■ **HOW TO COMPLETE THIS TASK**
Word for word, and without a single picture, repeat the entries.
**** MATERIAL SUPPLIED ****
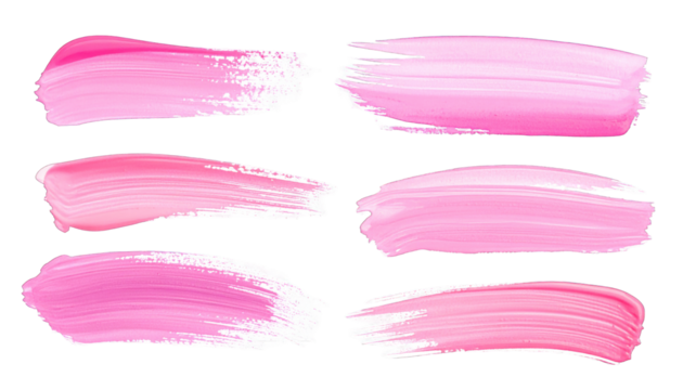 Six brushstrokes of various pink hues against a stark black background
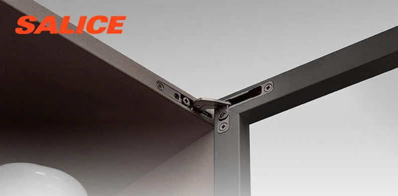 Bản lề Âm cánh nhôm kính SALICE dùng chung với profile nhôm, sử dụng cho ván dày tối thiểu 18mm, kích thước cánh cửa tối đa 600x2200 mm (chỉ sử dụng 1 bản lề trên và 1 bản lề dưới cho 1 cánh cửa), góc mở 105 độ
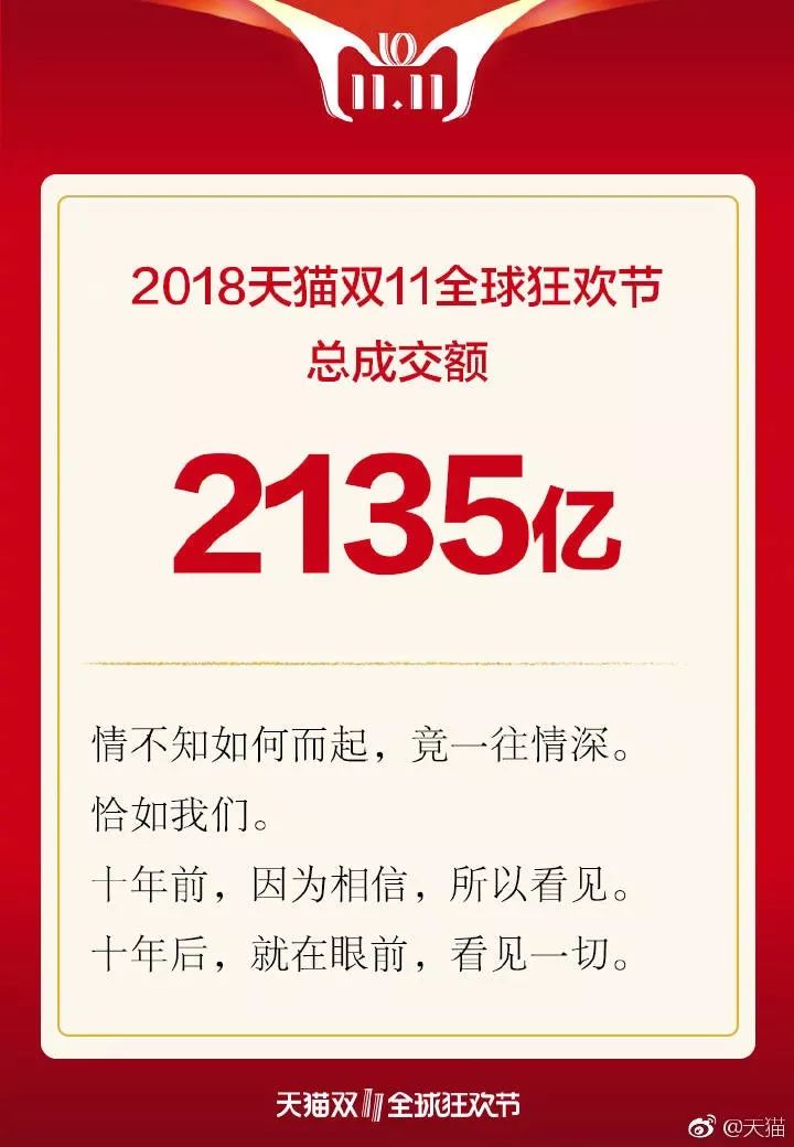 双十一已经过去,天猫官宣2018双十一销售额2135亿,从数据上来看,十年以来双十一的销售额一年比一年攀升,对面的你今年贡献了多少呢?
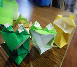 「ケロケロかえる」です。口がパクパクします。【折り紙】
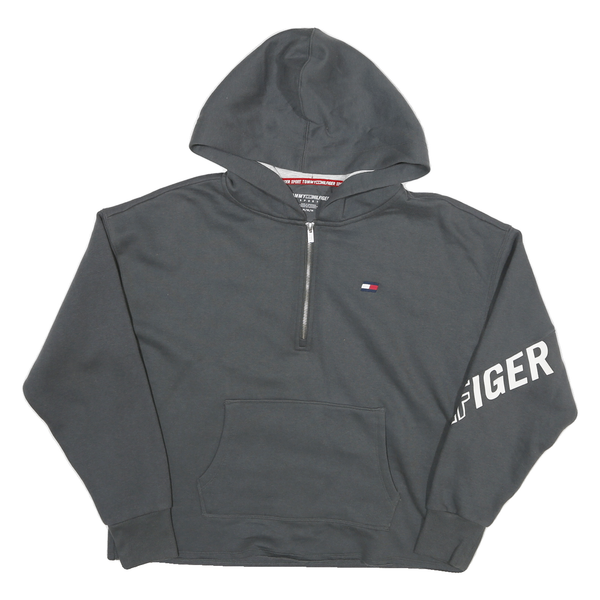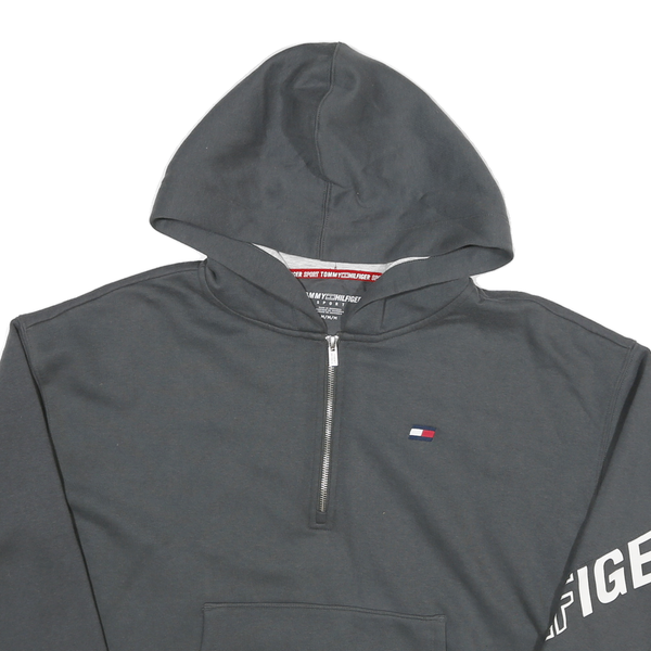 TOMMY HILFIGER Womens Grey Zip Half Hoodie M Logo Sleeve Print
****
■ **ANSWER TO THIS EXERCISE**
 Six brushstrokes of various pink hues against a stark black background
 Bản lề Âm cánh nhôm kính SALICE dùng chung với profile nhôm, sử dụng cho ván dày tối thiểu 18mm, kích thước cánh cửa tối đa 600x2200 mm (chỉ sử dụng 1 bản lề trên và 1 bản lề dưới cho 1 cánh cửa), góc mở 105 độ
 双十一已经过去,天猫官宣2018双十一销售额2135亿,从数据上来看,十年以来双十一的销售额一年比一年攀升,对面的你今年贡献了多少呢?
 「ケロケロかえる」です。口がパクパクします。【折り紙】
 TOMMY HILFIGER Womens Grey Zip Half Hoodie M Logo Sleeve Print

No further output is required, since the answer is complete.